CONTAP-115704: After upgrade to 9.13.1+, one or more node's /tmp/ directory is intermittently hitting 100% capacity and vol0 inode usage increases permanently
Issue
- To hit this defect, users must authenticate via ssh and public key
- The higher the frequency of ssh public key authentication sessions (for example automation scripts), the higher the chance to hit this defect
- The defect leaves orphaned inodes behind under the node /tmp/ directory until /tmp/ reaches 100% usage, stays at 100% for minutes up to hours and finally drops down to ~1-2% again
- Once /tmp/ is at 100% usage and ssh public key authentication continues while /tmp/ is still at 100% capacity usage, the defect leaves permanent files behind at location /mroot/etc/cluster_config/vserver/.vserver_*/config/auth.[0-9,a-z,A-Z]+
Resulting signatures can vary, for example:
1. When logging into ONTAP using the serial console or the virtual SP/BMC "system console", errors are shown like:
SP MyCluster-01> system console
Type "exit" to log out of the console session.
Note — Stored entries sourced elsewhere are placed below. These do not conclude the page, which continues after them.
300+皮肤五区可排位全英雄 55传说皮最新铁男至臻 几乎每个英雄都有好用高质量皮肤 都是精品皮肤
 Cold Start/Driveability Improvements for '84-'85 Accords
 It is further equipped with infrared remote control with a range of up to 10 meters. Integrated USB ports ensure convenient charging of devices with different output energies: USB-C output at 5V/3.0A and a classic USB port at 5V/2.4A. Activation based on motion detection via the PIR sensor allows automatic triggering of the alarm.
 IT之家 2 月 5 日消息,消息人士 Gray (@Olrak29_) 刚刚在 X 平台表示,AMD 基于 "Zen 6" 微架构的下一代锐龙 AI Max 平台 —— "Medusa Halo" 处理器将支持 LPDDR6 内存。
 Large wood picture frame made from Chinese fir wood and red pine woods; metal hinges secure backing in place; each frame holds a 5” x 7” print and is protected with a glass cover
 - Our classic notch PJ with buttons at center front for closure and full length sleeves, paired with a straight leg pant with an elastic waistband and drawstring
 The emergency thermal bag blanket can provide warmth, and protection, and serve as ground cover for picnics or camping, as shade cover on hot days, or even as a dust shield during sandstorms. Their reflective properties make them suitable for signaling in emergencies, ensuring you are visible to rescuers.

Type Ctrl+D to return to the SP prompt.
SP-login: ad
pid 36994 (top), uid 0 inumber 20 on /tmp: filesystem full
pid 6889 (bash), uid 0 inumber 22 on /tmp: filesystem full
2. An error is raised similar to:
Apply failed for Object: publickey_ui Method: baseline. Reason: Failed to generate fingerprint for the public key.
3. SSH logins using public key fail-back to password authentication while password authentication still works at the same time if the user has a password next to the ssh public key configured in ONTAP.
4. ONTAP EMS shows errors like:
1/2/2025 15:05:23 node1 NOTICE sshd.auth.loginDenied: message="Failed password for user from 192.168.1.1 port 31337 ssh2 "
1/2/2025 15:05:11 node1 NOTICE sshd.auth.loginDenied: message="Failed keyboard-interactive / pam for user from 192.168.1.1 port 31337 ssh2 "
5. The node root volume, usually "vol0", shows a permanently long term increasing count of consumed inodes.